Desde que se jubiló, en 2005, pasea cada día por su entorno y siempre se detiene ante dos cipreses ubicados muy cerca de su antigua casa. “No sé quién los plantó, pero mi ilusión es que son mis padres. Así que me paro allí y rezo un padrenuestro, porque aunque no crea en el dios del catolicismo, sí creo en el dios de mi madre, aunque no lo haya podido encontrar”.

vivir en una cueva

Pese a que sus recuerdos son inmejorales, vivir en una cueva debía conllevar sus incomodidades, pero él asegura que no. “¿Cómo no vas a vivir bien si tienes toda la felicidad del mundo?”. En casa, además, no paraba demasiado. “A las seis de la mañana me levantaba y no volvía hasta las doce, tan sumamente reventado que me echaba a la cama, y a dormir”. Porque, entre medias, desde los ocho años trabajaba en una huerta y repartiendo fruta, donde le daban las ocho y media o nueve. Después se iba al antiguo cine Xúcar a vender patatas fritas y caramelos y remataba la jornada acudiendo a que le enseñaran a leer y a escribir, porque nunca fue a la escuela. Y para qué quejarse de la falta de baño. “El mejor servicio que hay es el Júcar: te limpiabas con una piedra y a vivir, que son dos días”.

Aunque sí que reconoce que desde 1960, cuando tras el desalojo obligado su familia se compró un piso en Las Quinientas por 50.000 pesetas de entonces (“se pagaba una cuota de 105 pesetas todos los meses pero había veces que se debían ocho o diez recibos”), o desde que se casó y se compró con su mujer un piso en la Carretera de Valencia, ya entonces por 4 millones de pesetas, vivir es algo más cómodo. Pero, si pudiera, cuenta, “me haría un chalet y me volvería a La Guindalera”.

Mientras esto no sea posible, vivirá allí en sus versos, que destacan por su amor por la naturaleza y por su sencillez. “No me verás una palabra que tengas que coger el diccionario para ver lo que significa. Aunque digan que el hombre que mejor escribe es Juan Ramón Jiménez, a mi me estomaga. Si tengo que coger el diccionario para leer un libro, lo dejo”.

Son versos que, en cuanto le salen, apunta en su libreta y nunca vuelve a revisar. “Soy el único poeta del mundo que no hace un tachón en sus escritos. No toco nada. La idea brota y la pluma va haciéndola marchar”.

La inspiración y esa rapidez con la que escribe le llevan a ser muy prolífico. “Si el libro de Alexandre tenía 10.000 versos, yo tengo, sin exagerar, entre dos y tres millones”.

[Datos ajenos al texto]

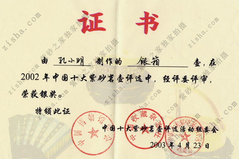 2002年中國十大紫砂茗壺評選中,銀箱壺獲銀獎(jiǎng)。

En cuanto a la métrica, hay muchas décimas y quintillas. Pero también una estrofa de su propia invención, la “delpesina”, en referencia al apellido Del Peso. “Con ella puedes hablar de todas las cosas y criticar lo que quieras sin perderte”.

Quien quiera saber más de su poesía, que se adentre en ‘Gentes de La Guindalera’ o en libros anteriores como ‘Las cosas según nacen’ o ‘Cambio de colores’. Porque a él eso es lo que le gusta: que le lean. “Si alguien no lo hace, me gusta que deje abandonado el libro en una estación de tren, o de metro, o en el aeropuerto, para que otra persona lo haga. Porque un libro, aunque sea muy malo, siempre tiene alguna cosa”.